**WHAT TO DO**
Restate, word for word and with no pictures, the stretch of lines in the data below that begins at the line with "Комплектація набору шарнірно-губцевий" and ends at the line with "23488 - 20 MM", inclusive.

**EXTRACTED DATA**
- - - -
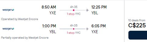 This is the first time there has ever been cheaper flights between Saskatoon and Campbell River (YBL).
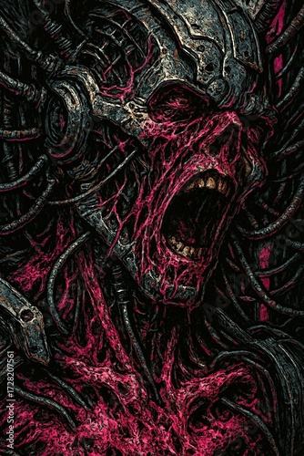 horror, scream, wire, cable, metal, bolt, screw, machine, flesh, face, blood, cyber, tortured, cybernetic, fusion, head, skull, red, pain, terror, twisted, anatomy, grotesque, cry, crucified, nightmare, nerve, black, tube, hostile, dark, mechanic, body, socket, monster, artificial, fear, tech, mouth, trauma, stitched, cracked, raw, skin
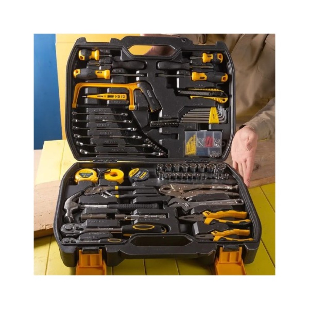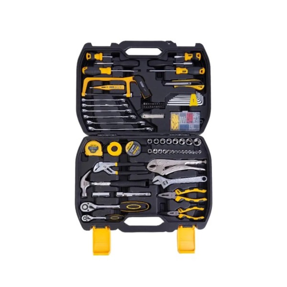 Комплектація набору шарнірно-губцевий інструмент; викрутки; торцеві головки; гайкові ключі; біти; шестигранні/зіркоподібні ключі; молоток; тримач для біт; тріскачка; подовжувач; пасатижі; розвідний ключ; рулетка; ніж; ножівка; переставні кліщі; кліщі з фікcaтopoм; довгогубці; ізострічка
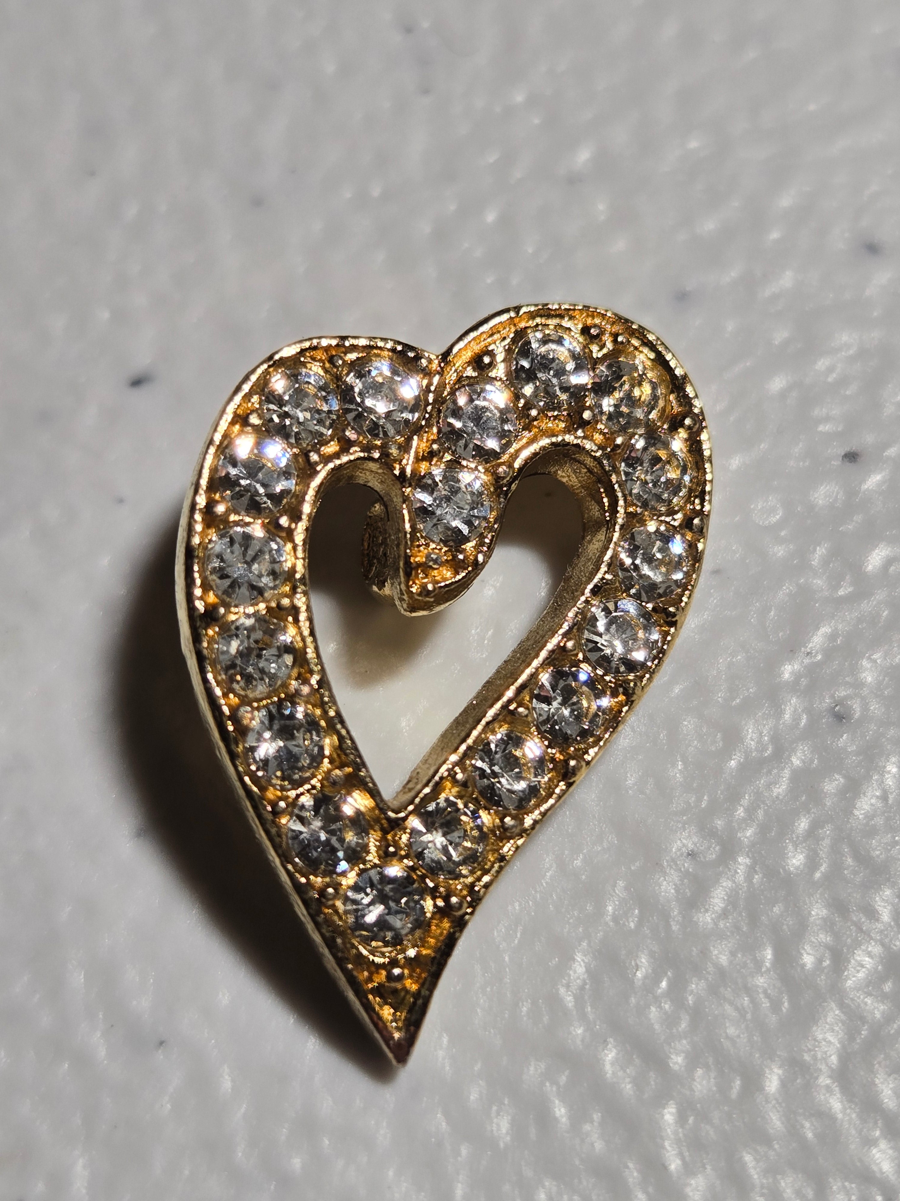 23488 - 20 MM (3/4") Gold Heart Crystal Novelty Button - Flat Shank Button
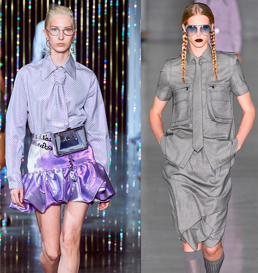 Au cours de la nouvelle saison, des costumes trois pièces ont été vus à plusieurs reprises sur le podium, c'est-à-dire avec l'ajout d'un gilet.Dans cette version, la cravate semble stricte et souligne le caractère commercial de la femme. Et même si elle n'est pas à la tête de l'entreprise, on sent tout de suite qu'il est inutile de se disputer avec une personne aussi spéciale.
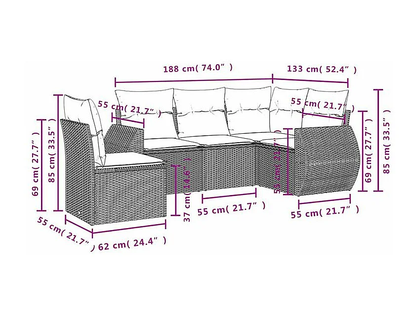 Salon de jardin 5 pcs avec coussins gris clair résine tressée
- - - -
**EXERCISE OUTPUT**
 Комплектація набору шарнірно-губцевий інструмент; викрутки; торцеві головки; гайкові ключі; біти; шестигранні/зіркоподібні ключі; молоток; тримач для біт; тріскачка; подовжувач; пасатижі; розвідний ключ; рулетка; ніж; ножівка; переставні кліщі; кліщі з фікcaтopoм; довгогубці; ізострічка
 23488 - 20 MM (3/4") Gold Heart Crystal Novelty Button - Flat Shank Button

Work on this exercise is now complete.